### TASK INPUT
#####

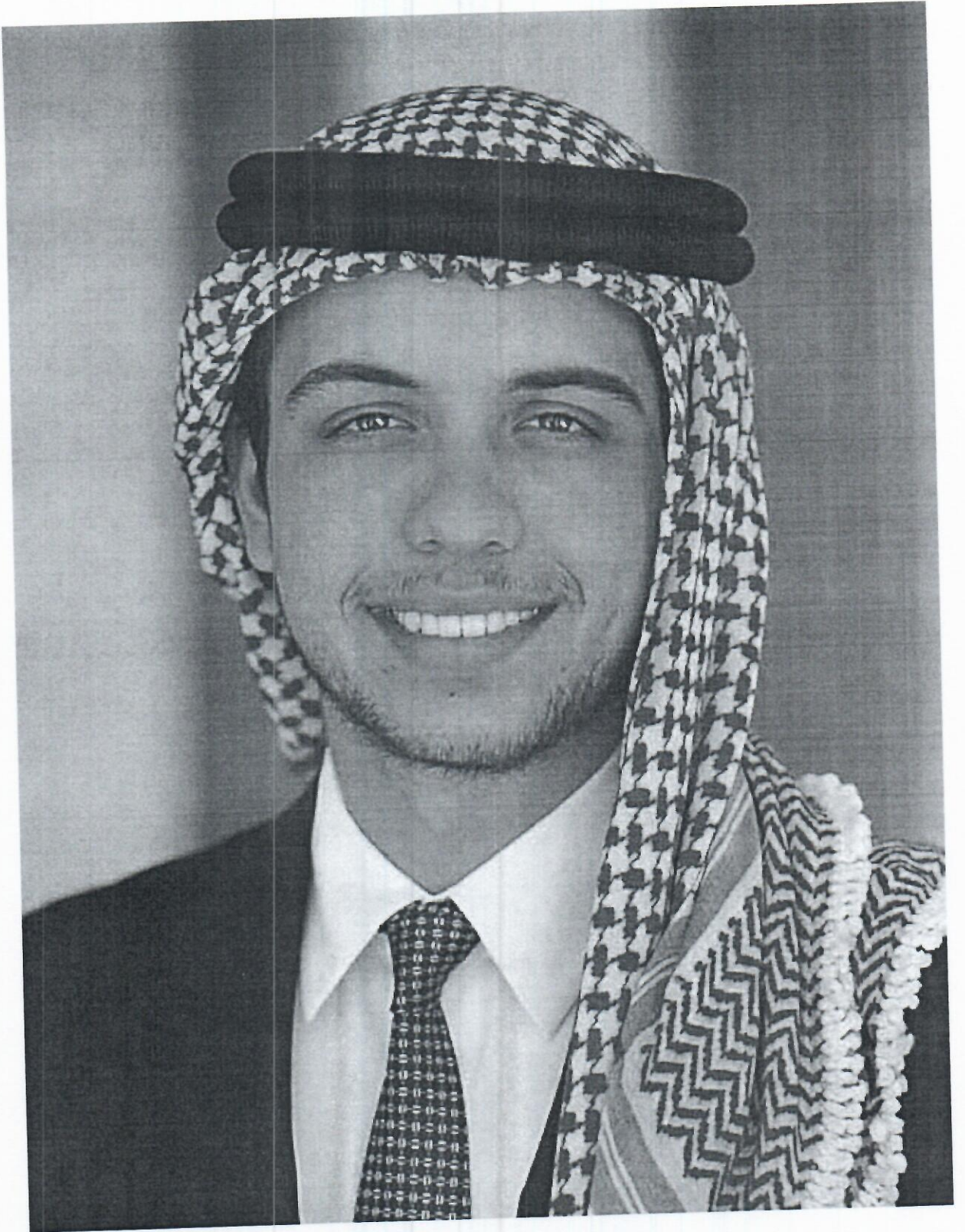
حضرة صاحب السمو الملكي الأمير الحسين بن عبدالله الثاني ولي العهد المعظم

#####

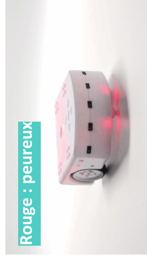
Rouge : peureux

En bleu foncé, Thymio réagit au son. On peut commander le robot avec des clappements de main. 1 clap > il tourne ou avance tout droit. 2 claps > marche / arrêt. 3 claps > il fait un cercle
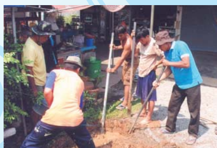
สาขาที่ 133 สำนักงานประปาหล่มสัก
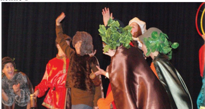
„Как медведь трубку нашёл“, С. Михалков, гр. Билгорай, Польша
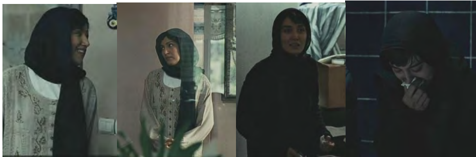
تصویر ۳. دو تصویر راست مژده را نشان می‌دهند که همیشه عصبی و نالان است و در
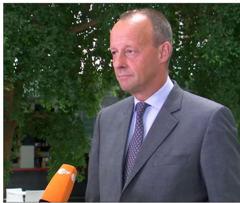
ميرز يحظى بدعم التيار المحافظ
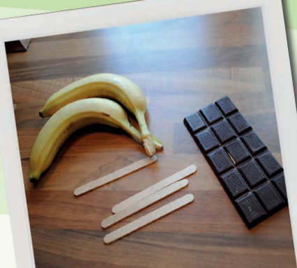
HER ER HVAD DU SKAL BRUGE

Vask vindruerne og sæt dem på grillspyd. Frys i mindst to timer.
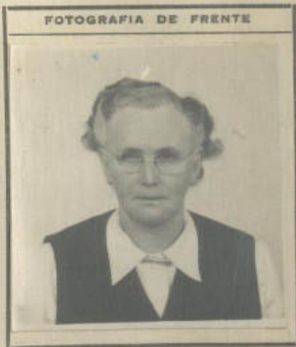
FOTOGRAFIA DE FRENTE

#####

### ABOUT THIS EXERCISE
Everything above from the line containing "гр. Билгорай, Польша" down to the line containing "FOTOGRAFIA DE FRENTE" is to be duplicated exactly, both lines included, and the pictures are to be omitted.

### SOLUTION TO THIS EXERCISE
„Как медведь трубку нашёл“, С. Михалков, гр. Билгорай, Польша
تصویر ۳. دو تصویر راست مژده را نشان می‌دهند که همیشه عصبی و نالان است و در
ميرز يحظى بدعم التيار المحافظ
HER ER HVAD DU SKAL BRUGE

Vask vindruerne og sæt dem på grillspyd. Frys i mindst to timer.
FOTOGRAFIA DE FRENTE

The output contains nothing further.